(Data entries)
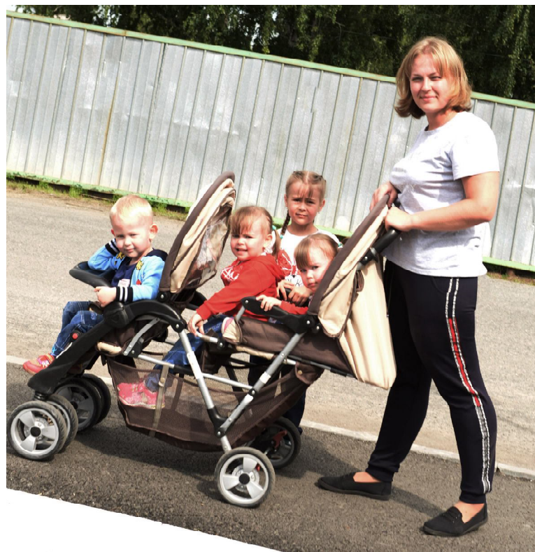
Семейство Достоваловых дружно вышло на прогулку
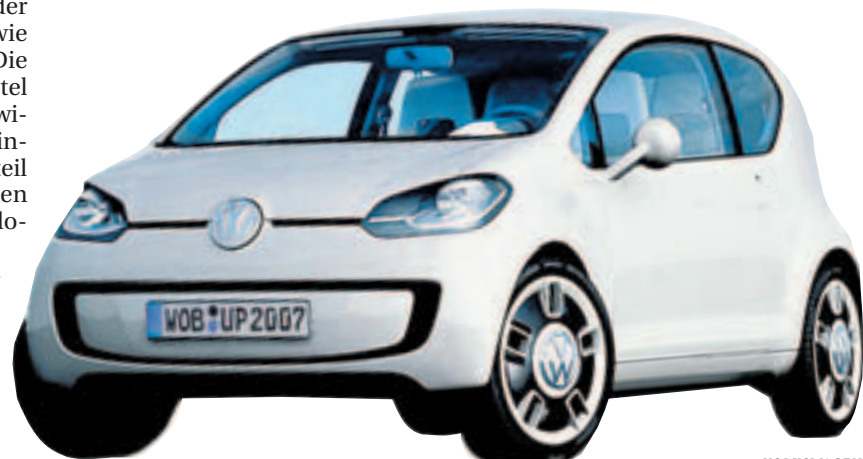
Das VW-Kleinstwagenmodell Up soll neue Käufer anziehen.

* in Prozent; ** Nur für Neukunden und Neuanlagen; alle Angaben ohne Gewähr; Stand 03.07.2009; Quelle: FMH-Finanzberatung (www.fmh.de)
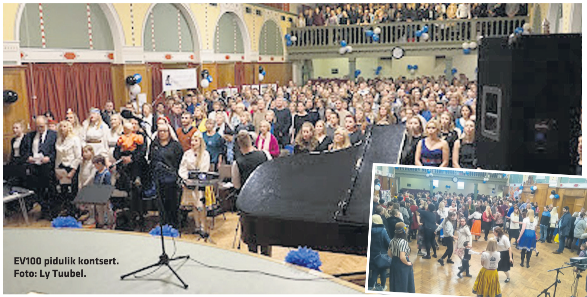
EV100 pidulik kontsert.

EV100 päeva Londonis tähistati suurejooneliselt, üritusi jätkus kahele päevale.

WHAT YOU WILL DO: Lines from the one with "Das VW-Kleinstwagenmodell Up" through the final line of the records are the whole answer; print them exactly, minus any pictures.

SOLUTION FOR THIS PROBLEM:
Das VW-Kleinstwagenmodell Up soll neue Käufer anziehen.

* in Prozent; ** Nur für Neukunden und Neuanlagen; alle Angaben ohne Gewähr; Stand 03.07.2009; Quelle: FMH-Finanzberatung (www.fmh.de)
EV100 pidulik kontsert.

EV100 päeva Londonis tähistati suurejooneliselt, üritusi jätkus kahele päevale.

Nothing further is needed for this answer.